HOW TO COMPLETE THIS TASK: Starting with the line that has "อัพเดตข่าวเกี่ยวกับฟุตบอลลีกเยาวชนแห่งชาติ 15 ตุลาคม" in the records below and ending with the line that has "Step up to the", output those lines exactly and nothing more; omit the pictures.

DATA TO USE:
-------

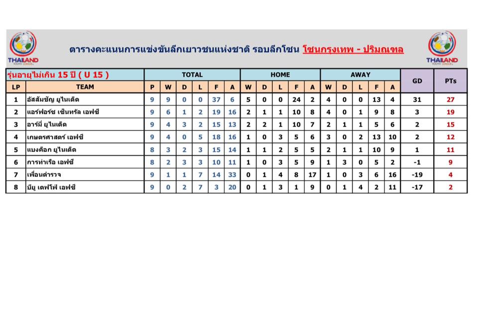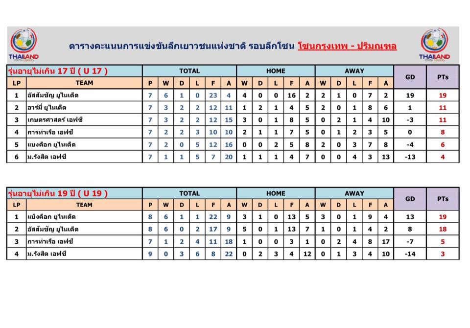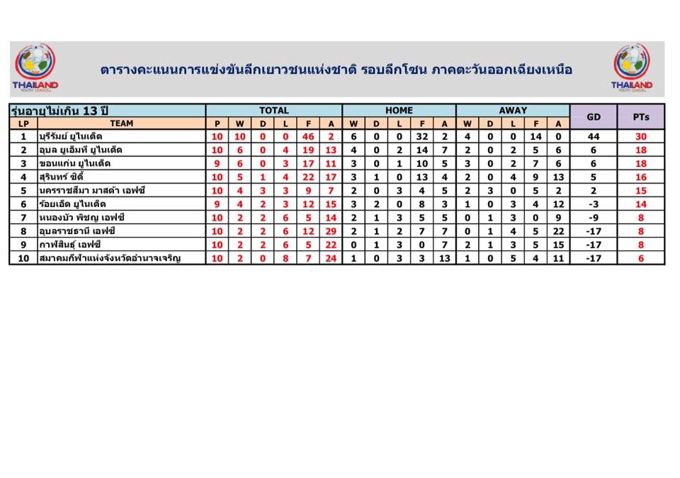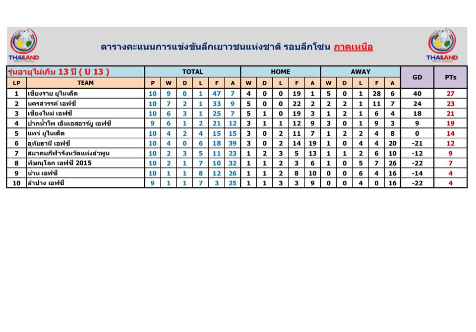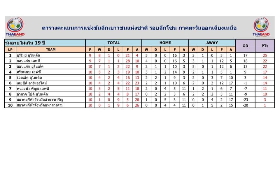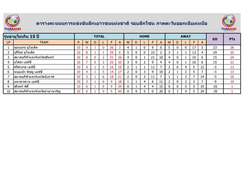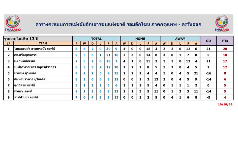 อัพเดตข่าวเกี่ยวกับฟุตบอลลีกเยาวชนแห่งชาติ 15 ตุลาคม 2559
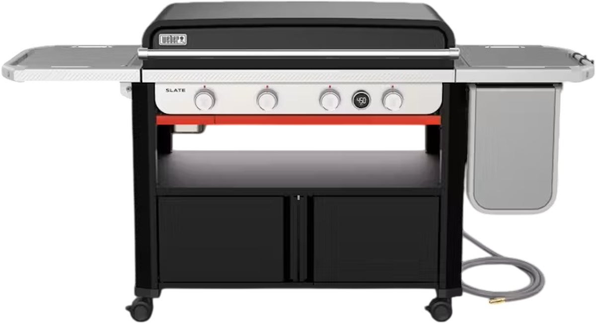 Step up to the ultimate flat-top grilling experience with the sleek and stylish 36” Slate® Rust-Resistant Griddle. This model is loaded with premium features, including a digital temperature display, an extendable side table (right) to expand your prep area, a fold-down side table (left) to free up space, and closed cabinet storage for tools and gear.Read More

-------

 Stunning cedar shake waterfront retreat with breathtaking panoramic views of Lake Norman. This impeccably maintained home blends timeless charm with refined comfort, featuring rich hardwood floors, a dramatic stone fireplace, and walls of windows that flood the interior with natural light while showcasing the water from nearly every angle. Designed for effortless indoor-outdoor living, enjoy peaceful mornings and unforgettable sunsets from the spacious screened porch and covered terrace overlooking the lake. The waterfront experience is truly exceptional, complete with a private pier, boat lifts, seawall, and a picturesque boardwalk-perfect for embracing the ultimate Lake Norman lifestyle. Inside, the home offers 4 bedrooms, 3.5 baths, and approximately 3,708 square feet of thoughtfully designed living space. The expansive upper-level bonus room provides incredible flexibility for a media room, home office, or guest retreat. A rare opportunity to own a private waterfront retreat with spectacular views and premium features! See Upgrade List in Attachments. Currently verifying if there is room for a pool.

-------

TASK OUTPUT:
 อัพเดตข่าวเกี่ยวกับฟุตบอลลีกเยาวชนแห่งชาติ 15 ตุลาคม 2559
 Step up to the ultimate flat-top grilling experience with the sleek and stylish 36” Slate® Rust-Resistant Griddle. This model is loaded with premium features, including a digital temperature display, an extendable side table (right) to expand your prep area, a fold-down side table (left) to free up space, and closed cabinet storage for tools and gear.Read More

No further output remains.